Origin

Biography for @folkandlorepod

— Finvoy; If you were to blink to whilst driving through it, you’d perhaps miss it altogether.

Set in off the beaten track amongst white thorn quick’s and blackthorn sloes; 

this tiny and abstruse little Hamlet plays host to a gathering of local natives on a three-acre plot, called ‘Origin’ 

For if you were to dander down rural Dirraw road on any given Saturday from early Spring to late Autumn; you might be surprised with what you’d find on these quiet country lanes.

The sound of laughter from behind hedgerows and the faint patter of unfeigned conversations in amongst furrows and drills; as harvesters stoop low to unearth an abundance of aged produce grown for human consumption.

Polytunnels and long-tailed shovels, hipsters sipping caffeine around timber topped tables. A thriving coffee house open to the public, with an elegant espresso machine polished to within an inch of its life.
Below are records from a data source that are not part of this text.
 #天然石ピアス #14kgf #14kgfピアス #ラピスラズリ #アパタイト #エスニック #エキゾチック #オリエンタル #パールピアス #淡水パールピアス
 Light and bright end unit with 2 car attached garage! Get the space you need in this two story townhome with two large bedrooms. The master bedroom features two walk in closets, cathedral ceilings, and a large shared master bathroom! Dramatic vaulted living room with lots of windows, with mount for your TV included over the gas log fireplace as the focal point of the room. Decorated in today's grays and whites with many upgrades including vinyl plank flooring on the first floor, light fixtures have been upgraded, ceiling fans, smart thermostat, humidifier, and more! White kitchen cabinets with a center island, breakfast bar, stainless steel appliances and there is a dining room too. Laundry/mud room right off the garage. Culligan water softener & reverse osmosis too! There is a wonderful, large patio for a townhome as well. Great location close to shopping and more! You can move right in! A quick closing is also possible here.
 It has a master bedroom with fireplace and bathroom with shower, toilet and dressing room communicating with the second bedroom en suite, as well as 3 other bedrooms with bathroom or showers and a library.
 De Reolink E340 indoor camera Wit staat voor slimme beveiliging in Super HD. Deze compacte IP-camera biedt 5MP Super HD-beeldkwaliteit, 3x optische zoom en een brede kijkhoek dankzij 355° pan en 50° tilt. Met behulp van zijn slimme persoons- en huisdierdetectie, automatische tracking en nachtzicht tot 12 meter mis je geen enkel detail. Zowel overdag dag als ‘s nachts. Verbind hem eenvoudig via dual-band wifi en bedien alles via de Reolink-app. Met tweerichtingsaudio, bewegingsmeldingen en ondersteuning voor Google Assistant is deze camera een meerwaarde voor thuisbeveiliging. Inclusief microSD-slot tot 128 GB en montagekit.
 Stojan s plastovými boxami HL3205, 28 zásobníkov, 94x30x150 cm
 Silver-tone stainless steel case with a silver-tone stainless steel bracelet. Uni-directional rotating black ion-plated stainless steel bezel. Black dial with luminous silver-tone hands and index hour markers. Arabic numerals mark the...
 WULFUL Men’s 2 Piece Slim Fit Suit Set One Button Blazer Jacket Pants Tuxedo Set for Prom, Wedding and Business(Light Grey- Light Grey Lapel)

Music bellowing out of high corners and the eaves of what we once an old piggery.

This place oozes invitation and offers a very different experience from that of the concrete pit stops most of us coffee enthusiasts frequent in urbanised areas.

You’ll find wide-eyed wanna be horticulturalists tying bouquets; would-be brides plucking perfectly timed flower bombs out of the meadows; readying for the reciting of vows; flowers that they’d indeed sowed themselves, just weeks before.

This place offers something different.

Volunteers and patrons from all across the counties working in vegetable plots and fruit houses, sowing and reaping the spoils of their long summers graft, whilst snacking on their trophies as they go.

‘Origin is a community farm and acreage just outside Ballymoney.

A collective of habitual gardening practitioners well versed in more traditional forms of crop production, implementing practices that have been long absent from these baronies.

As from beneath the comforting gaze of secluded sycamore and bright Irish Ash; dark earth is turned upside down in the pursuit of happiness.

It is here that Kenny Baird and his wife Victoria have transformed this once congregated chicken farm into a land-loving community space and creative horticultural hub.

Their ethos is field to fork living, growing to eat, eating to grow, cultivating awareness in the midst of crop rotation and warm communal suppers.

The site sits in the townland of ‘Knockans’.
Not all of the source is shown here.